▶ _Data listing_

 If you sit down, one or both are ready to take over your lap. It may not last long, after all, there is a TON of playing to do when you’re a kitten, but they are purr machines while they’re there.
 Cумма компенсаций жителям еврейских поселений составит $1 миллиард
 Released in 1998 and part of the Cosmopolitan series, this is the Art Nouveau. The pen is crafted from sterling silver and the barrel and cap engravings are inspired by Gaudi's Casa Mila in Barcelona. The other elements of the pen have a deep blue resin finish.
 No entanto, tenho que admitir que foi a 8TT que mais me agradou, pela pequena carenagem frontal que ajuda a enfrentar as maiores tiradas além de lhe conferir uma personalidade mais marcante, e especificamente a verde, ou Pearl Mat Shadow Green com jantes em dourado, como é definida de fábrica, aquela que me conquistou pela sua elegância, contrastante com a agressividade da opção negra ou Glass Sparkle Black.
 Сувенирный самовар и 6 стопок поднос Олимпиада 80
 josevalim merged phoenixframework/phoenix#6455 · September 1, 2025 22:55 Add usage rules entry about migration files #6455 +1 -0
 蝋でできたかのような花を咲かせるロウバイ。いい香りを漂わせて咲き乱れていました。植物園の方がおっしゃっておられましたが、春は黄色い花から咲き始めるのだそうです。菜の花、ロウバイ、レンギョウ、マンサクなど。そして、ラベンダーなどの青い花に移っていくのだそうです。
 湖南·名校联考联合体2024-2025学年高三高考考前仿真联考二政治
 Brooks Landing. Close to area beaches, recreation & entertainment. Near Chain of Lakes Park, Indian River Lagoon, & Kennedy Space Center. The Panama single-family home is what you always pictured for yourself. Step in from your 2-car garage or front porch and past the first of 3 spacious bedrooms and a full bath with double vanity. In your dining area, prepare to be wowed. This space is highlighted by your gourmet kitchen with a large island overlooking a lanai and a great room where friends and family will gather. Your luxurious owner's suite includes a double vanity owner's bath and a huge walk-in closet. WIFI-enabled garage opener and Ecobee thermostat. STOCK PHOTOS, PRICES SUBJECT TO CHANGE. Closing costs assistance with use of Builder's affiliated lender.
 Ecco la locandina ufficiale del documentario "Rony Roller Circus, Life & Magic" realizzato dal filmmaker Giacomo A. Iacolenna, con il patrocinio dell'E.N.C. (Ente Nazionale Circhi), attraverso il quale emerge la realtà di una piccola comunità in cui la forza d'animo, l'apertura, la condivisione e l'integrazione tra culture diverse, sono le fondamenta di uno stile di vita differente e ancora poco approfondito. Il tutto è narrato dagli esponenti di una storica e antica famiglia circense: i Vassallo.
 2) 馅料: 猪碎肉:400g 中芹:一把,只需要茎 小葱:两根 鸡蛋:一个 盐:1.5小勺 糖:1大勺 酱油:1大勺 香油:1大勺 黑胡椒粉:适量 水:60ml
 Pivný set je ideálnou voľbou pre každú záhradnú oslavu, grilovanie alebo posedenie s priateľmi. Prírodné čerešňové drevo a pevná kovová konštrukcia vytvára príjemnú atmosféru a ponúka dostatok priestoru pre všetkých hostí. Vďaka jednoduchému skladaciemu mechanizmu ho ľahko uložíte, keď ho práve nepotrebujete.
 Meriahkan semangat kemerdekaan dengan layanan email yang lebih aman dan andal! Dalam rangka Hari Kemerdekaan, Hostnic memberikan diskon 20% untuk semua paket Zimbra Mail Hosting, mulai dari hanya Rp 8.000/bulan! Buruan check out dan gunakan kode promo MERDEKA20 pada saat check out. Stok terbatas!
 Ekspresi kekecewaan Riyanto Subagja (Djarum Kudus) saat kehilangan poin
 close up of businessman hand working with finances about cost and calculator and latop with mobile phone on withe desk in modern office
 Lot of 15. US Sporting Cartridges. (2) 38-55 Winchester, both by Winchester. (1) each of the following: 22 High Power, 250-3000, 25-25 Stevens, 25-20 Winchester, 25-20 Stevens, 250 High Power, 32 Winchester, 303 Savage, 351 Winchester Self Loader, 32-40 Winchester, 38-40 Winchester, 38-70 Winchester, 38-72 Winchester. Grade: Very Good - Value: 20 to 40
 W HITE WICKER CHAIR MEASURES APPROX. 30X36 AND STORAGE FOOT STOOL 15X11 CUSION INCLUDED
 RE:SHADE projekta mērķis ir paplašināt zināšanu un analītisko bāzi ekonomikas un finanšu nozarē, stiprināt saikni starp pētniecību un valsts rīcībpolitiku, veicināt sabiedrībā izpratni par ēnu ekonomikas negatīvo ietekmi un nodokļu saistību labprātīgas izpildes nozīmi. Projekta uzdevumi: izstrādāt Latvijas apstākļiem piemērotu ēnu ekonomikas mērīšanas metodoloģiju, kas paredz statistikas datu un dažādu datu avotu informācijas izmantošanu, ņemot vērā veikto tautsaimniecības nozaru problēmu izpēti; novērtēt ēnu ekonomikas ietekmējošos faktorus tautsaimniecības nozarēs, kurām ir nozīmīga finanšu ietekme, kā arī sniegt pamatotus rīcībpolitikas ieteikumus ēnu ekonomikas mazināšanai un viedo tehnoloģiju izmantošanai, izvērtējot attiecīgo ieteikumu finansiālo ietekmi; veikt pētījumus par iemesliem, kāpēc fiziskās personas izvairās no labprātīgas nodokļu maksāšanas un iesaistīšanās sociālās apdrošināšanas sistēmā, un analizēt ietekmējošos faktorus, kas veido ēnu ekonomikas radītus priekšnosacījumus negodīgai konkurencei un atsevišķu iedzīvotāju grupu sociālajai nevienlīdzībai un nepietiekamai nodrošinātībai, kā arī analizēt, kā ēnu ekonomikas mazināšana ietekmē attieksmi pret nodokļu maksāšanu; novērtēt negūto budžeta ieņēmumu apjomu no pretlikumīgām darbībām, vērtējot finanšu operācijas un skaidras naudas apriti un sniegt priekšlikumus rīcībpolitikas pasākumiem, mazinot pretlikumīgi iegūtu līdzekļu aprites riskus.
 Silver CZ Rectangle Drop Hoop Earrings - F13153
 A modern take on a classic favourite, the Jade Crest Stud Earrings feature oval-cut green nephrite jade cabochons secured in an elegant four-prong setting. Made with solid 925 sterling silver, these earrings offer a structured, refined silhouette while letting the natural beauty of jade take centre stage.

▶ _Work item_
What lines in the data above carry "Earrings"? Return them all.

▶ _Problem solution_
 Silver CZ Rectangle Drop Hoop Earrings - F13153
 A modern take on a classic favourite, the Jade Crest Stud Earrings feature oval-cut green nephrite jade cabochons secured in an elegant four-prong setting. Made with solid 925 sterling silver, these earrings offer a structured, refined silhouette while letting the natural beauty of jade take centre stage.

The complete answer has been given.